Privatization by Stealth:
Canadian Health Care in Crisis

— Milton Fisk

THE RECENT GROWTH of obstacles to getting health care here in the United States has led to a renewed interest in Canada’s system of universal access, called Medicare. Premium inflation has accelerated after stabilizing in the mid-1990s.

Employers, who had trusted Health Maintenance Organizations (HMOs) to limit their expenses for employee health care, are either limiting employee coverage or simply not contributing to it. The steady rise in the number of uninsured in this country is a reminder that a robust economy doesn’t mean generalized affluence.

It is ironic though that, just when interest in the United States is rising, the Canadian system itself has become more vulnerable. Emergency room overcrowding has reached crisis proportions in Ontario and Quebec; hospital closings have devastated rural communities in Saskatchewan and Alberta; the provinces are begging for federal health care cuts to be restored to prevent a collapse of the system.

For the past fifteen years, Canada has been ruled by neoliberal governments that have cut back the overall social security system, and Medicare with it. Still, in Canada, Medicare gets approval from 80% or more, and 60% reject the idea of replacing it with a two-tier system in which the government insures those who can’t afford private insurance.

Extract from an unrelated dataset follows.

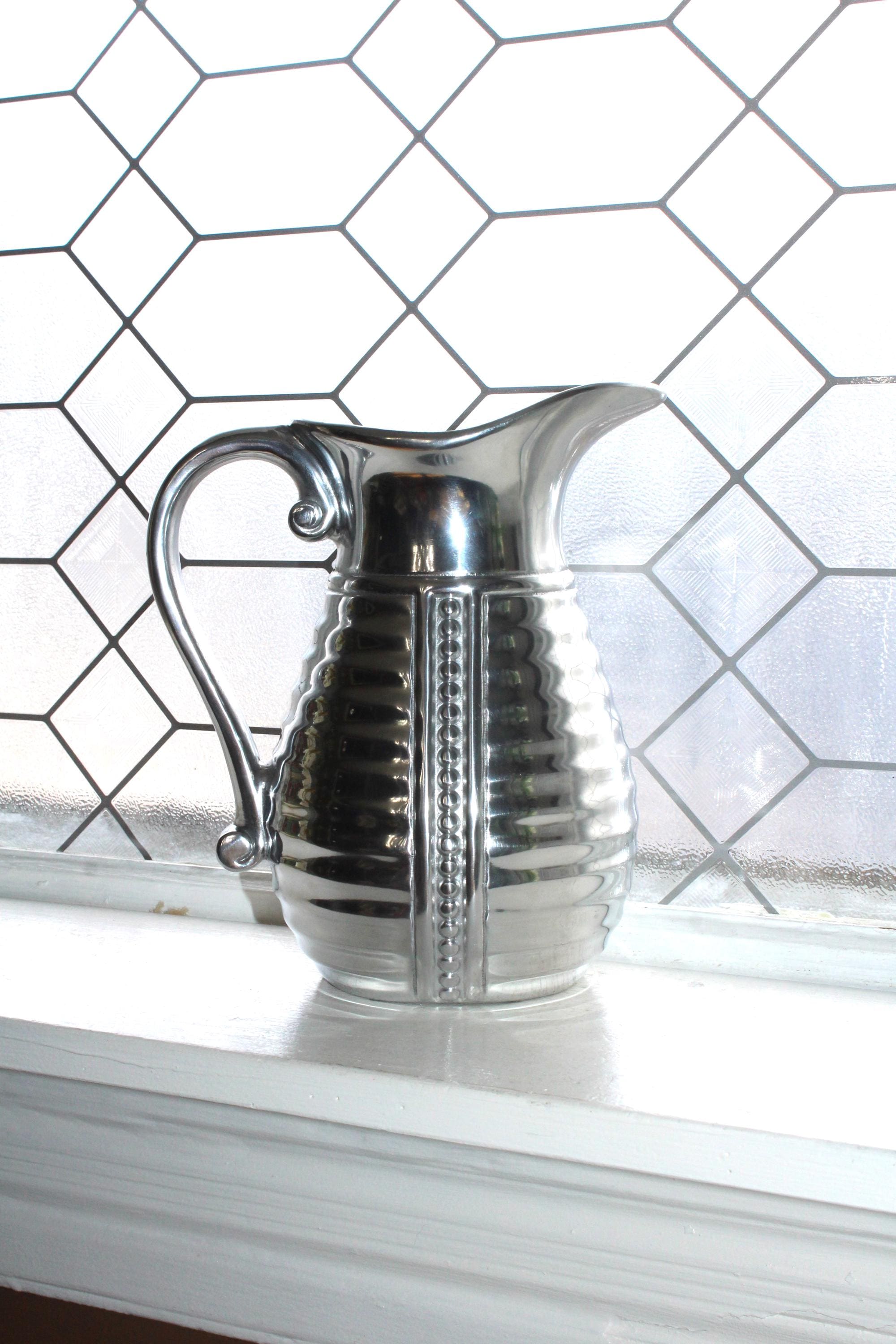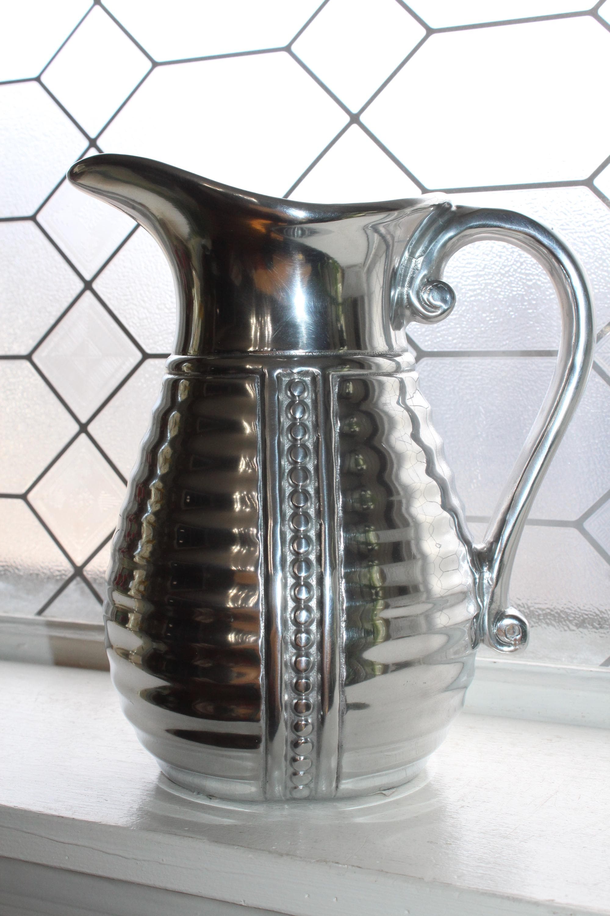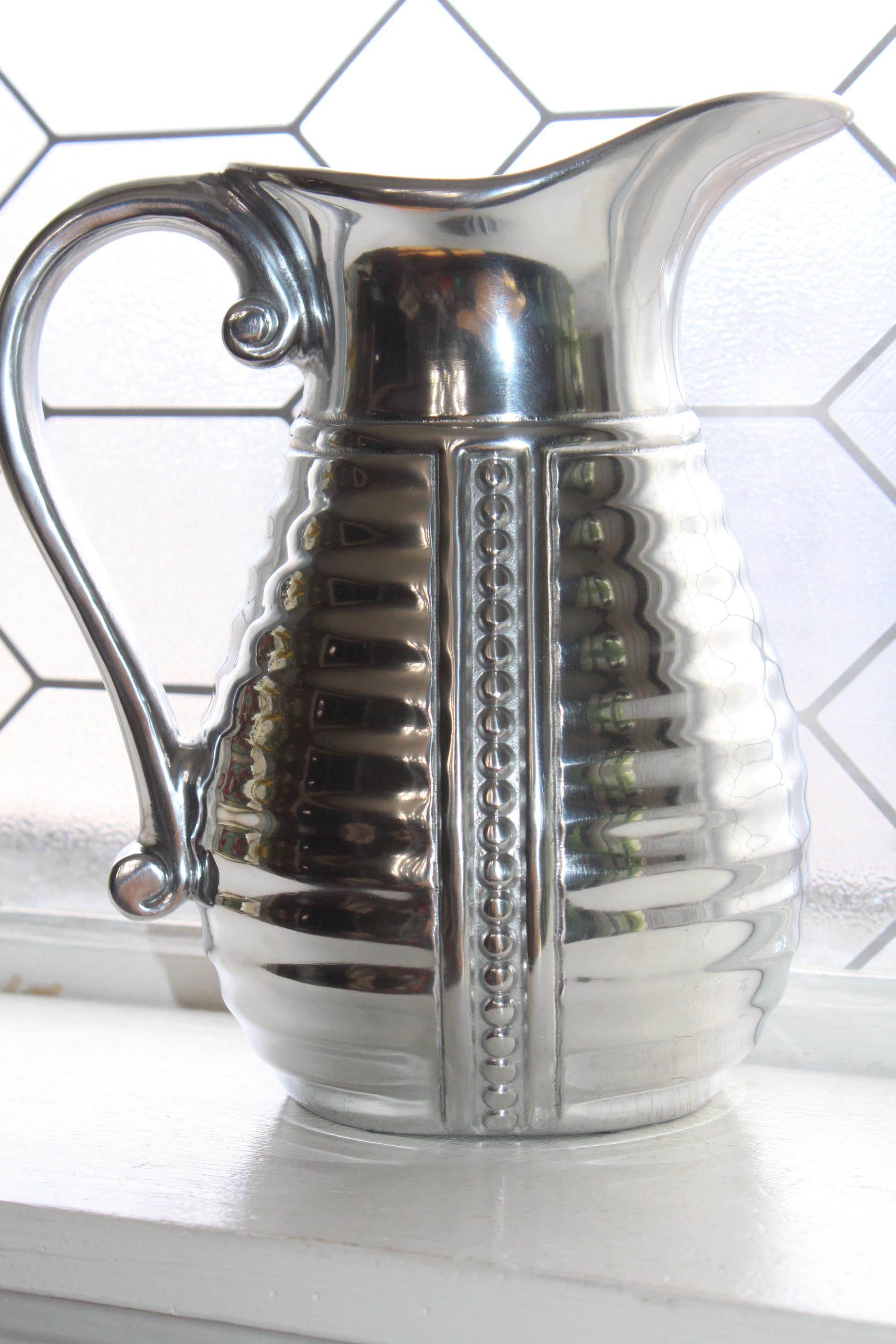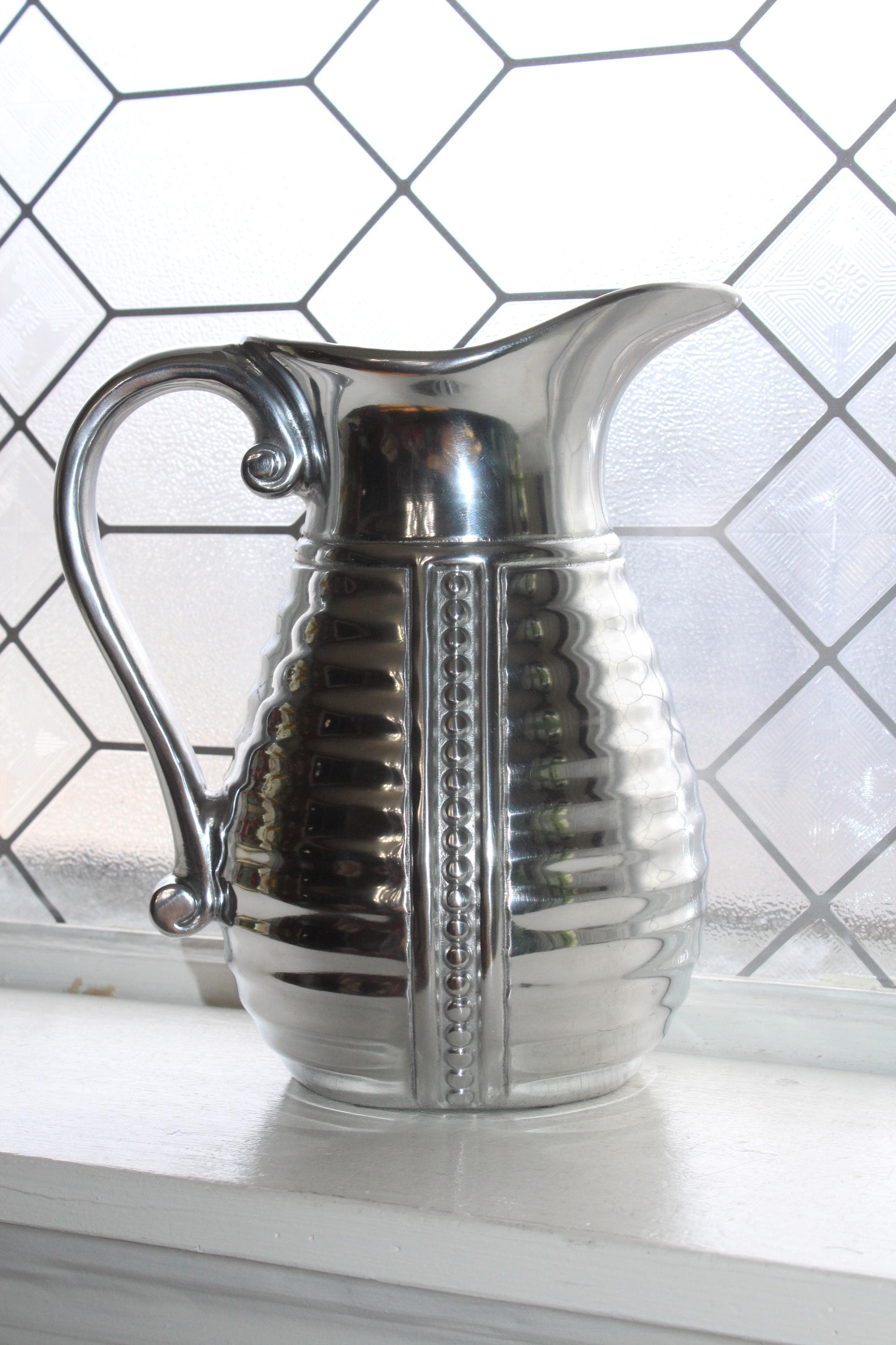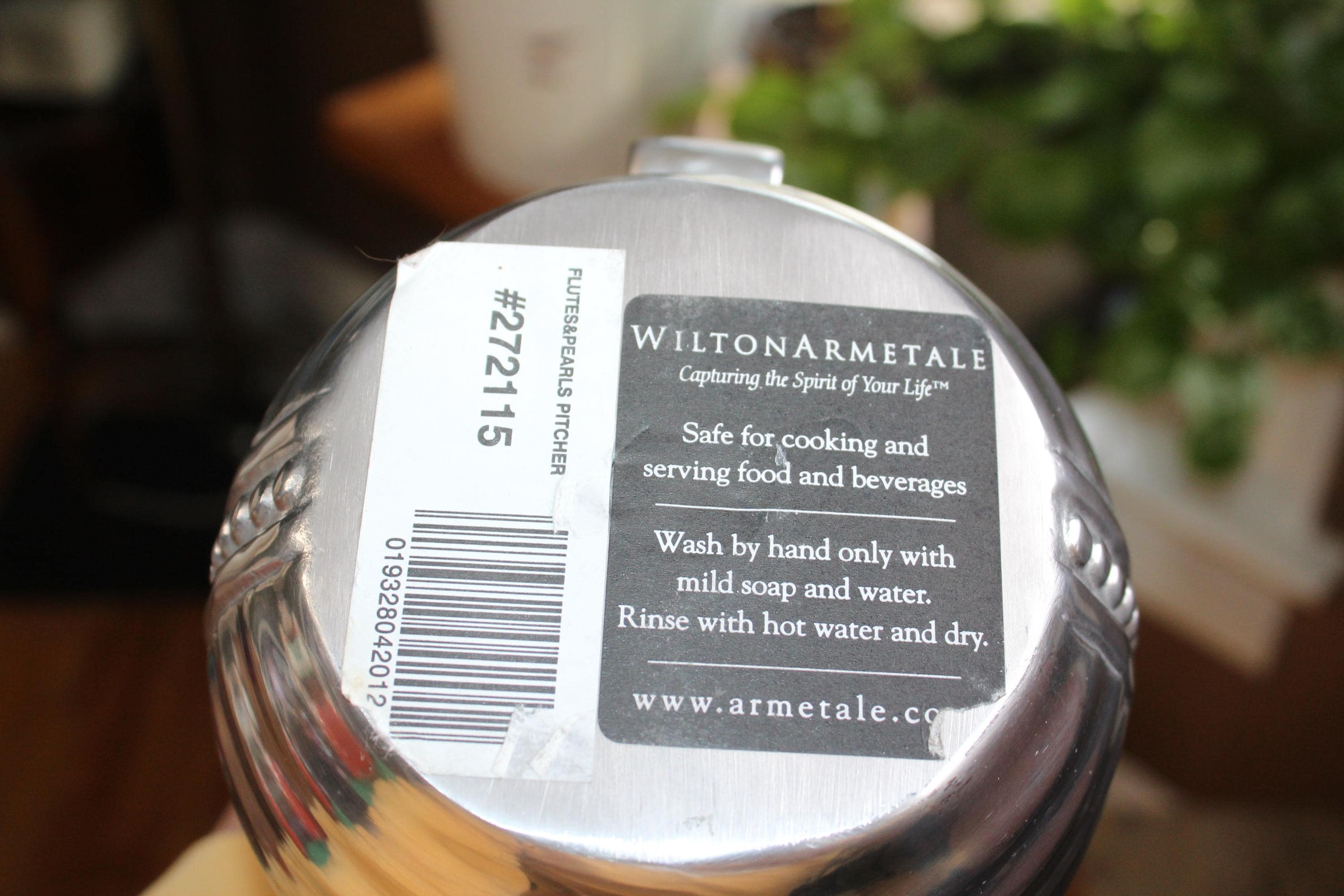 Wilton Armetale pewter pitcher in the Flutes and Pearls pattern, in excellent condition. It measures 9" high and weighs 2 3/4 lb. Enjoy!
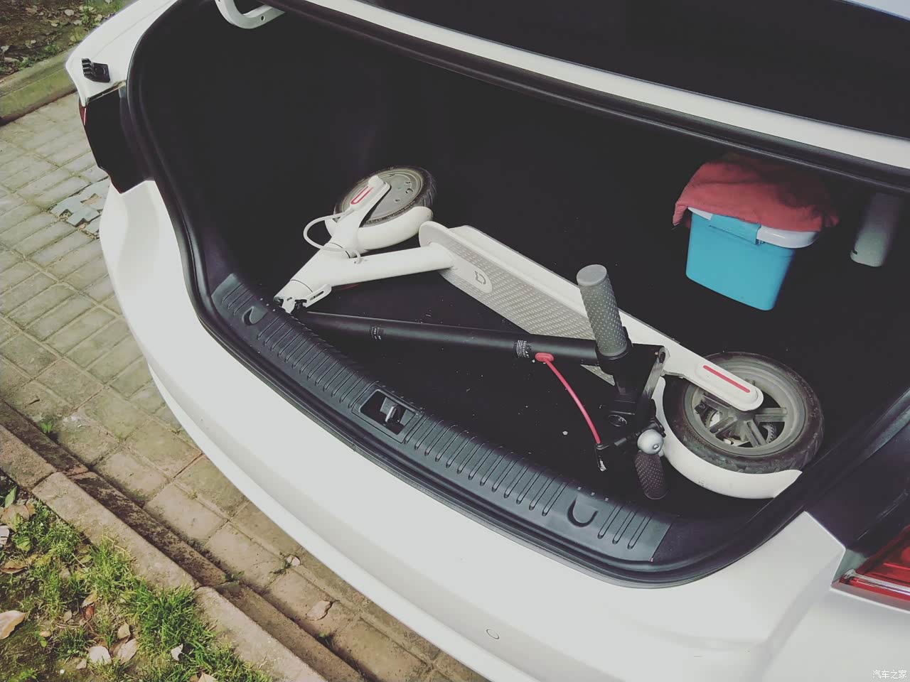 后备箱空间不是很大,放完我的滑板车后,里面只能放个小号收纳箱。

Politicians are then unwilling to attack Medicare directly; they prefer stealth rather than confrontation. But the cumulative effect of stealth attacks has been to reduce the system’s ability to provide services, which has led to a rash of for-profit health care companies operating outside Medicare along with the private insurers needed to pay for their services.

How could a popular program like Canada’s Medicare be put in such danger? Both domestic and international capital have had a hand in it. In the stealth attack, Canadian capital strengthened its hand through international agreements. This was not done so much by explicit provisions for cuts or privatization as by spreading the competitive and privatizing spirit that shaped negotiations leading to the agreements signed by Conservative and Liberal governments alike — the 1989 Canada-U.S. Free Trade Agreement (FTA), the 1994 North American Free Trade Agreement (NAFTA), and the 1994 World Trade Organization (WTO) agreement.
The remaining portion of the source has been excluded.